BSkyB (NYSE: BSY) has been ordered to weaken its stranglehold on Hollywood films on pay-TV after an investigation by the Competition Commission. In a provisional decision published on Friday morning, the commission said that BSkyB’s contracts with the six major Hollywood studios present a significant barrier to entry to potential competitors, including BT (NYSE: BT) and Virgin Media.
The industry watchdog ruled that the prices charged by Sky to Virgin are too high, meaning Virgin cannot make a business selling films to its customers.
One third of the UK’s 15m pay-TV households subscribe to Sky Movies, as the network enjoys exclusivity on many Hollywood blockbusters for 15 months.
Inception, Tron Legacy, Shrek Forever After and Sex and the City 2 are among the blockbusters about to become Sky’s exclusive property in the UK.
Among a number of recommendations from the commission, the regulator said that Sky should be restricted from signing exclusivity deals with all of the major Hollywood film studios for movie rights in the so-called “first subscription pay television window”.
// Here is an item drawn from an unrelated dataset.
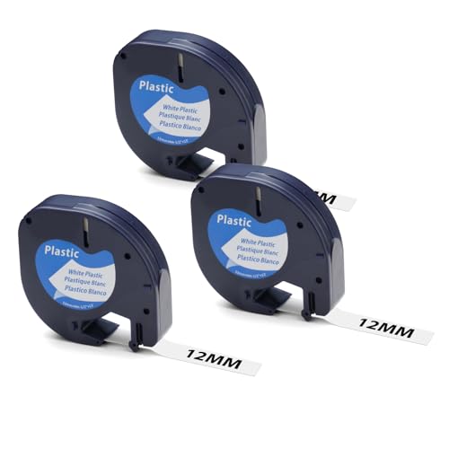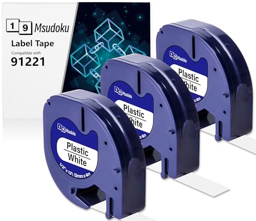 3 x Msudoku Kompatibel med Dymo 91221 12 mm x 4 m Etikettband S0721660 Kompatibel med Dymo Letratag Plastic White Tejp 91201 Svart på Vitt, för LT100H LT100T QX50 XR XM 200B 2000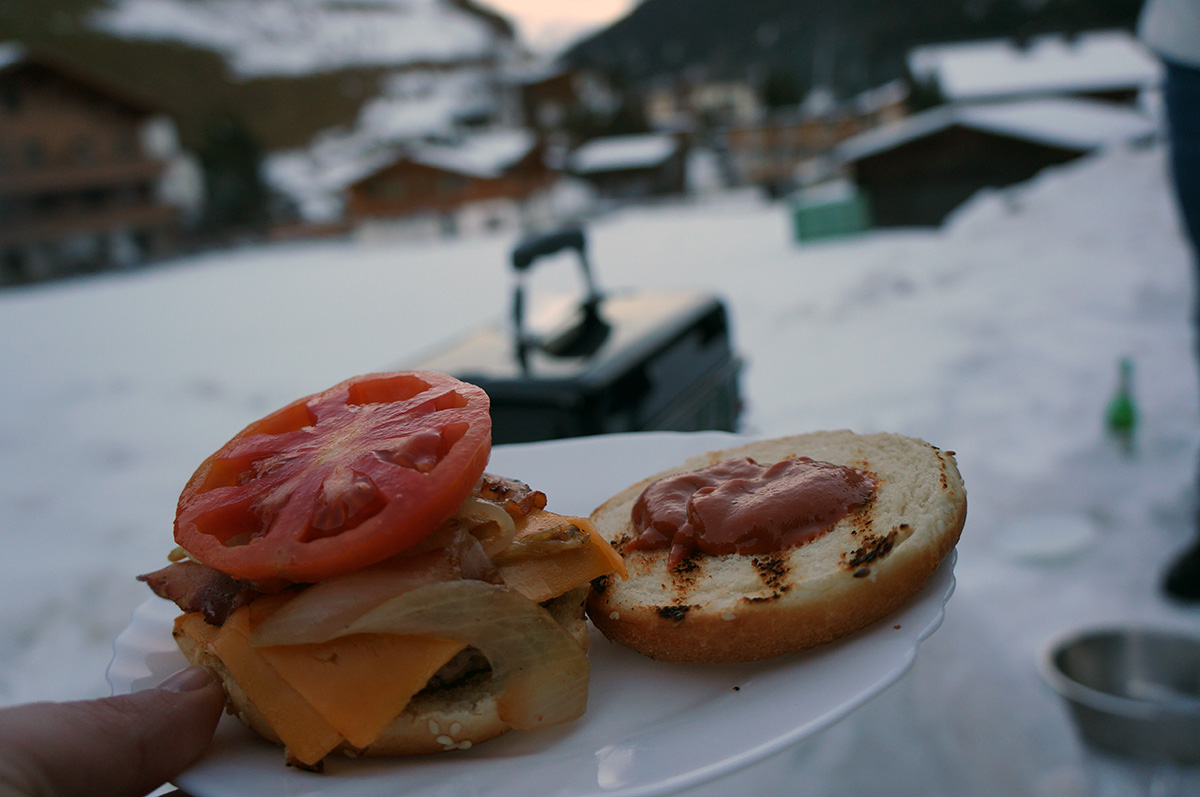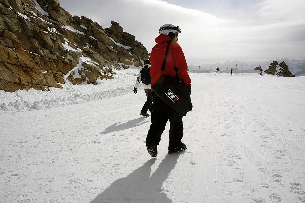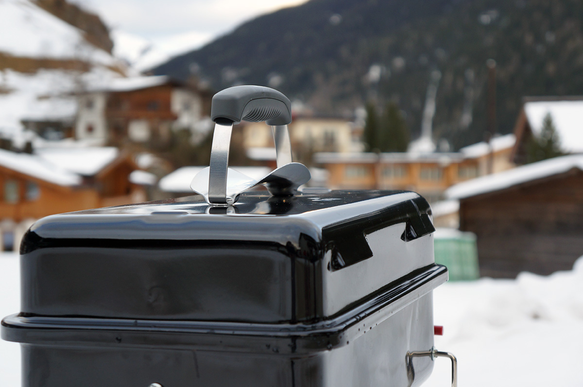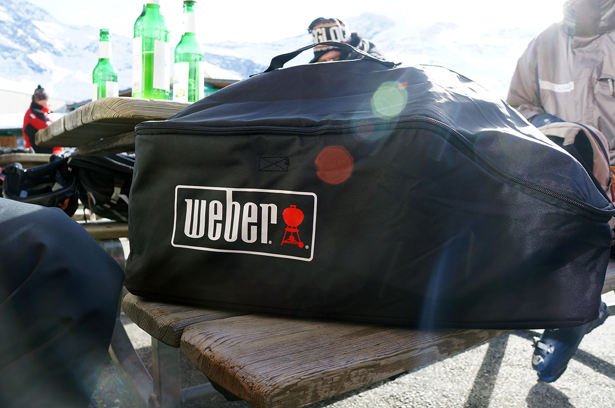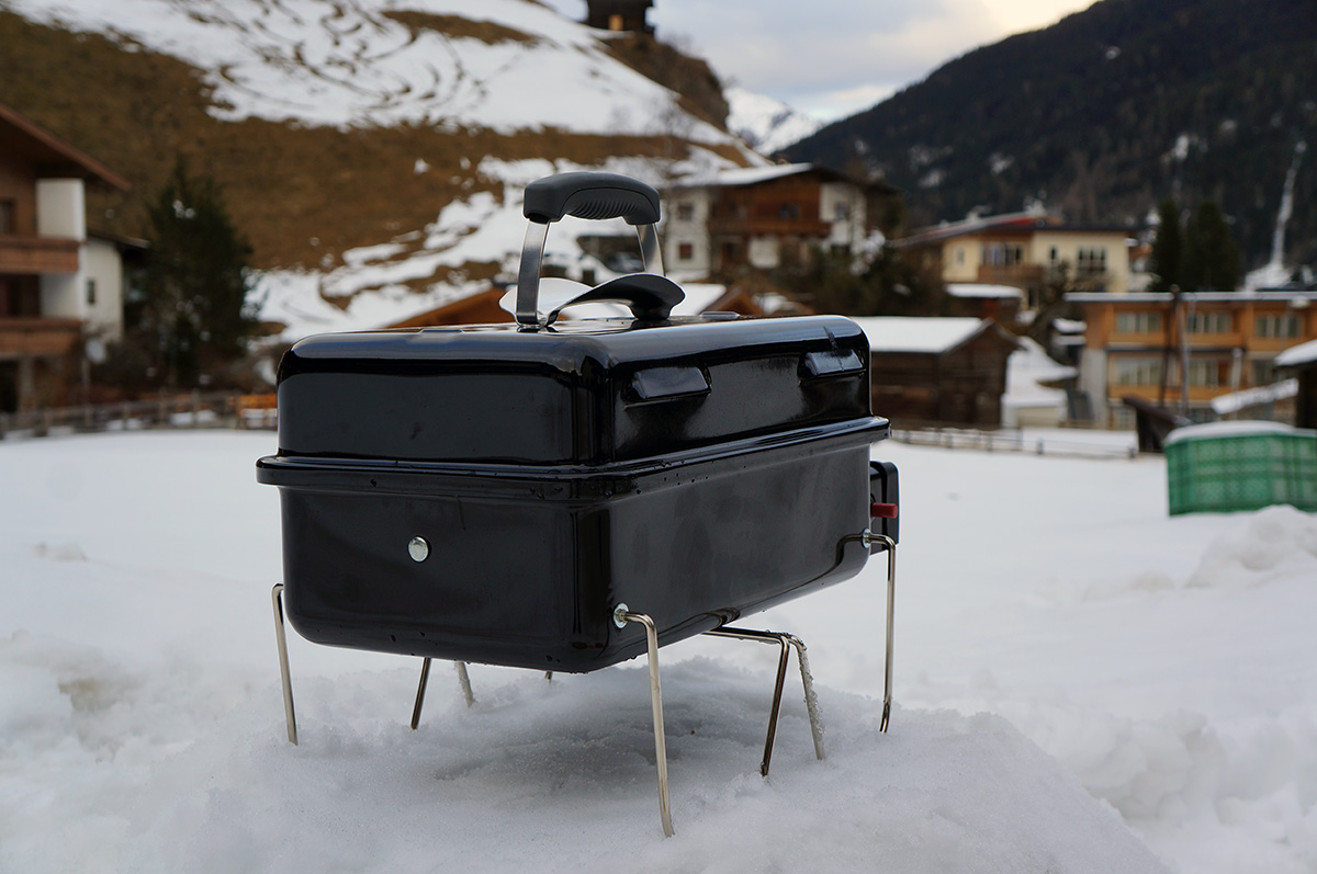 Um die Leistung und Effektivität des Weber-Go Anywhere auch beurteilen zu können, hab ich ihn prompt beim letzten Snowboardurlaub mitgenommen. Praktischerweise kann man diesen Grill in einer extra erhältlichen Tasche packen, sodass er wie ein normales Gepäckstück fungiert. Zange, Gasflasche und Co. passen ebenfalls dort hinein. Also alles eingepackt und mitgenommen – der Gletscher wartete auf ein heißes Experiment.

The Competition Commission recommended that exclusivity deals with the film giants should be weakened so that rival operators can buy the rights to other distribution methods, including video on demand.
Laura Carstensen, chairman of the Competition Commission’s movies on pay-TV investigation, said: “Sky has had control of recent movie content on pay TV for many years. At the heart of the problem is Sky’s strong position in the pay-TV market, with twice as many subscribers to pay TV as all other traditional pay-TV retailers put together. This provides Sky with a great advantage when it comes to bidding for movie rights, which no rival bidder has yet been able to overcome – and, if things stay as they are, we see no likely prospect of change.
“Recent movie content is important to many pay-TV subscribers. As a result, Sky’s control of this content on pay TV enables it to attract more pay-TV subscribers than its rivals and having more subscribers increases further its advantages when bidding in the next round for pay-TV movie rights, and so it goes on.
“We have found that, as a result of this lack of effective competition, subscribers to Sky Movies are paying more than they otherwise would, and there is less innovation and choice than we would expect in a market with more effective competition.”
The commission said that the adverse effect on competition caused by Sky’s movie domination meant that consumers were paying £50 to £60m a year more than would otherwise be the case.
Under the present system, a number of Hollywood blockbusters are available only on Sky in the UK. The satellite broadcaster spends about £280m a year on buying films, more than its budget for Sky News and other entertainment channels.
Under recommendations put forward by the Competition Commission, BT and Virgin Media (NSDQ: VMED) would be able to rival Sky Movies by offering their own selection of new releases.
BSkyB said in a statement: “BSkyB notes today’s announcement of provisional findings by the Competition Commission (CC) in its movies on pay-TV market investigation.
“BSkyB continues to believe that no regulatory intervention is required and that consumers benefit from high levels of choice, value and innovation across a wide range of providers.
“We note that the CC’s findings remain provisional and have been issued for consultation. We will continue to engage with the CC during the ongoing regulatory process.”
The Competition Commission will invite views on its recommendation before publishing a final decision in August 2012.